Data —
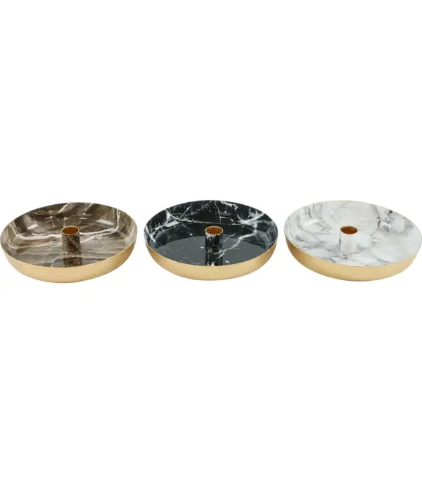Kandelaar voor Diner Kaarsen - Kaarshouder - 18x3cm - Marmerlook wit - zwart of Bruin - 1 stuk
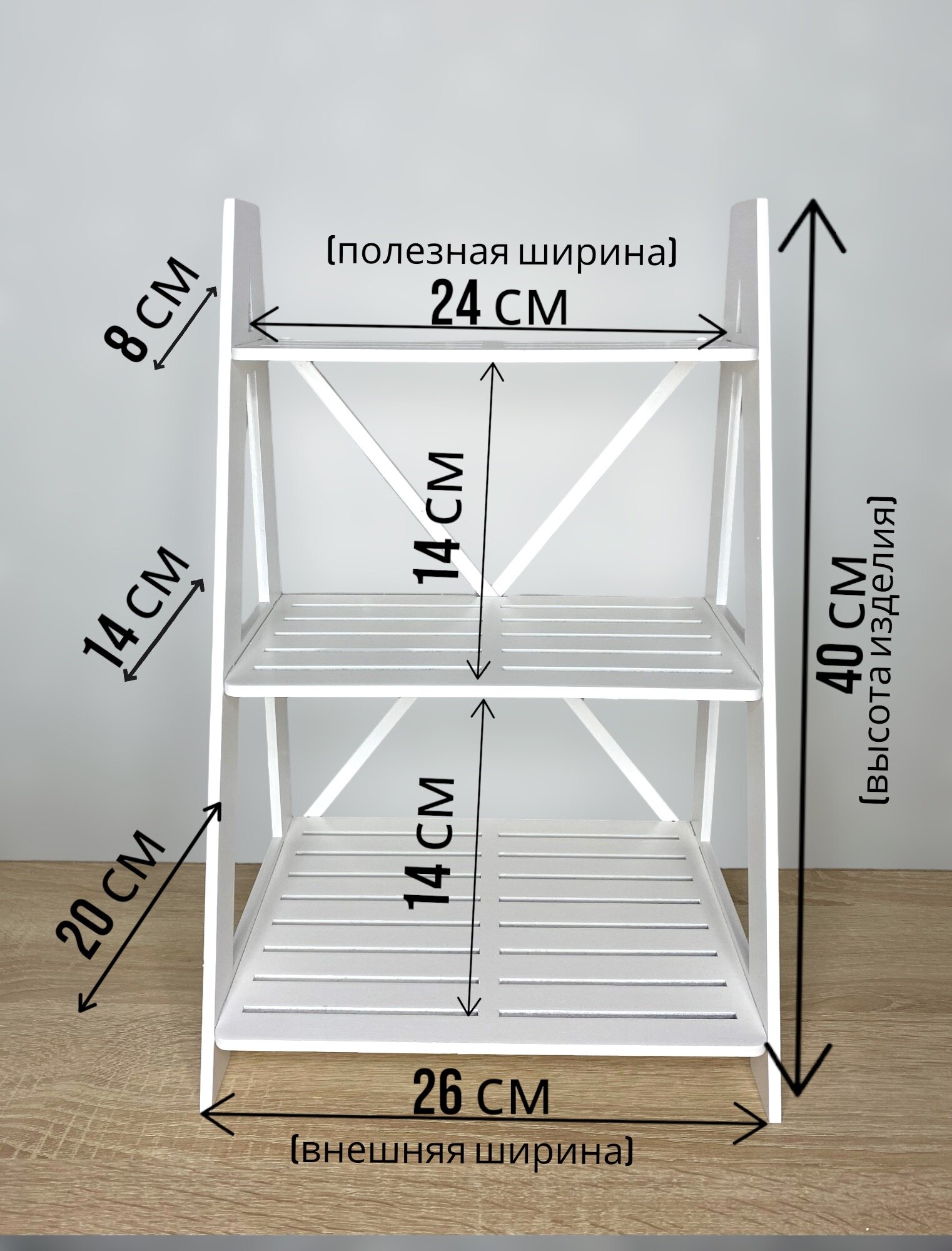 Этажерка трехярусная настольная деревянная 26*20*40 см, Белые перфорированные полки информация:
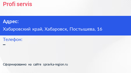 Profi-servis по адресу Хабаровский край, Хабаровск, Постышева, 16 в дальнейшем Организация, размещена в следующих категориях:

--

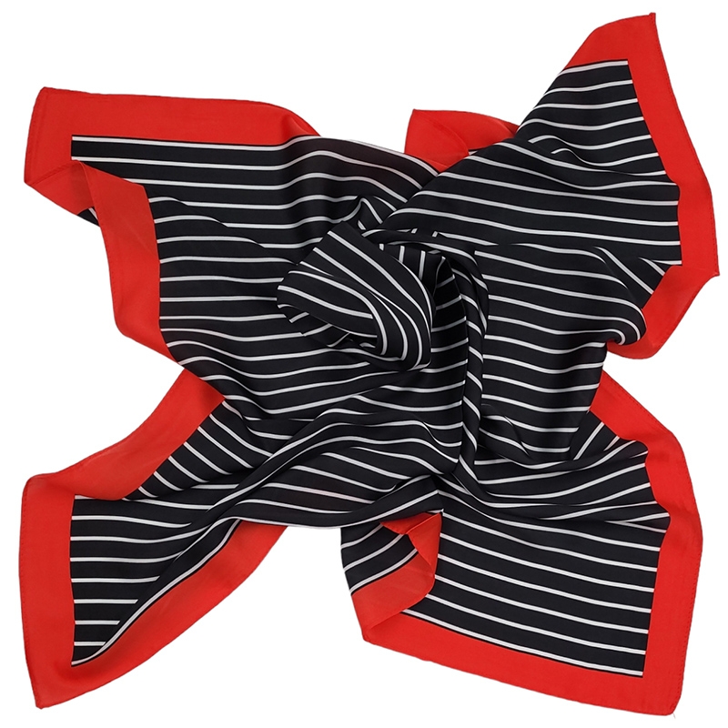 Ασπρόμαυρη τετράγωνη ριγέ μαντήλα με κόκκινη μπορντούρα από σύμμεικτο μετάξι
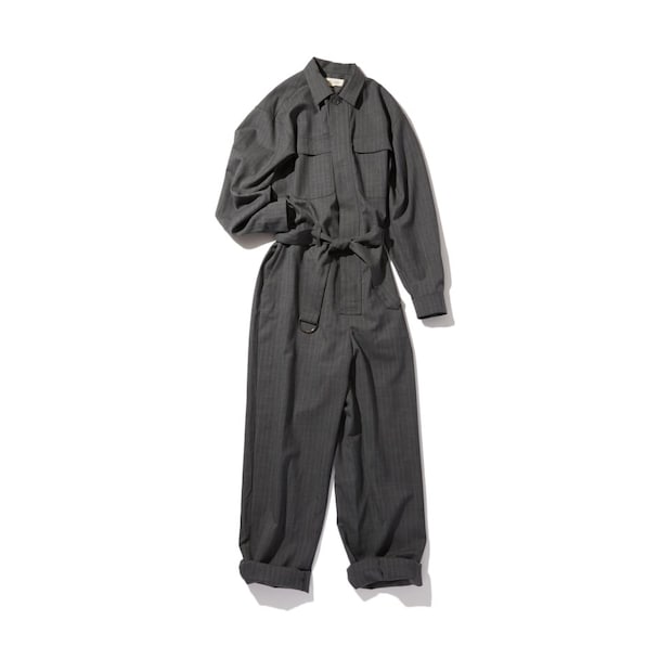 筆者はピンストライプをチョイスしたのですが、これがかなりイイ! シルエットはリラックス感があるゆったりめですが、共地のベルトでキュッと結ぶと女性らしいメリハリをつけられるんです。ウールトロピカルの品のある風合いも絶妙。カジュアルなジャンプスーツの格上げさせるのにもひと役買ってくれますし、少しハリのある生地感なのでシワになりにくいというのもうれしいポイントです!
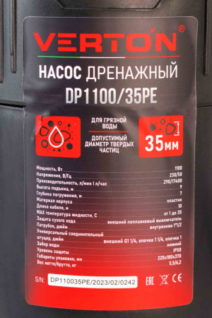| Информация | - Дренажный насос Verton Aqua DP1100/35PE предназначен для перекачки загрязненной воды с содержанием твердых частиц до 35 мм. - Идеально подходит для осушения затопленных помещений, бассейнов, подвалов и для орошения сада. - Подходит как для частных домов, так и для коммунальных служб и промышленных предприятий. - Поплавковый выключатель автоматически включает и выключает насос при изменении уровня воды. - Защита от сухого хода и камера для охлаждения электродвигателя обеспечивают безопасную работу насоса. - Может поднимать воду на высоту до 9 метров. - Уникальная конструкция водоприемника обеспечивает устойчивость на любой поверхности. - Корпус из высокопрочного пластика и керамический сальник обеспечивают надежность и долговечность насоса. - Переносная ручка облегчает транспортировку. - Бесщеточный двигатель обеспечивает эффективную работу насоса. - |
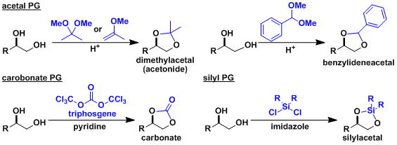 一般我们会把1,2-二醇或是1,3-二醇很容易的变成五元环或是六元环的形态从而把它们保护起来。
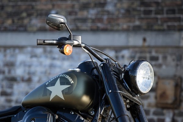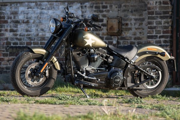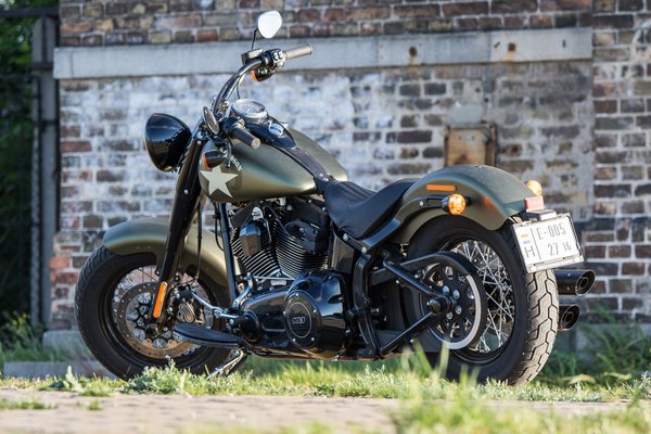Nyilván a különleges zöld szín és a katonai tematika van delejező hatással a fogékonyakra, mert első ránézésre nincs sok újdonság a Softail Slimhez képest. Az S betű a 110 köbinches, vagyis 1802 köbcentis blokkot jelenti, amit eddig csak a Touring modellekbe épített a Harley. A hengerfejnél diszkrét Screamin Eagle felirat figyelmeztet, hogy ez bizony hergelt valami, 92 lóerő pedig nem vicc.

Work to complete — Pictures in the material above should be skipped; print exactly the lines from the one with "一般我们会把1,2-二醇或是" through the one with "Nyilván a különleges".

Completed exercise —
 一般我们会把1,2-二醇或是1,3-二醇很容易的变成五元环或是六元环的形态从而把它们保护起来。
Nyilván a különleges zöld szín és a katonai tematika van delejező hatással a fogékonyakra, mert első ránézésre nincs sok újdonság a Softail Slimhez képest. Az S betű a 110 köbinches, vagyis 1802 köbcentis blokkot jelenti, amit eddig csak a Touring modellekbe épített a Harley. A hengerfejnél diszkrét Screamin Eagle felirat figyelmeztet, hogy ez bizony hergelt valami, 92 lóerő pedig nem vicc.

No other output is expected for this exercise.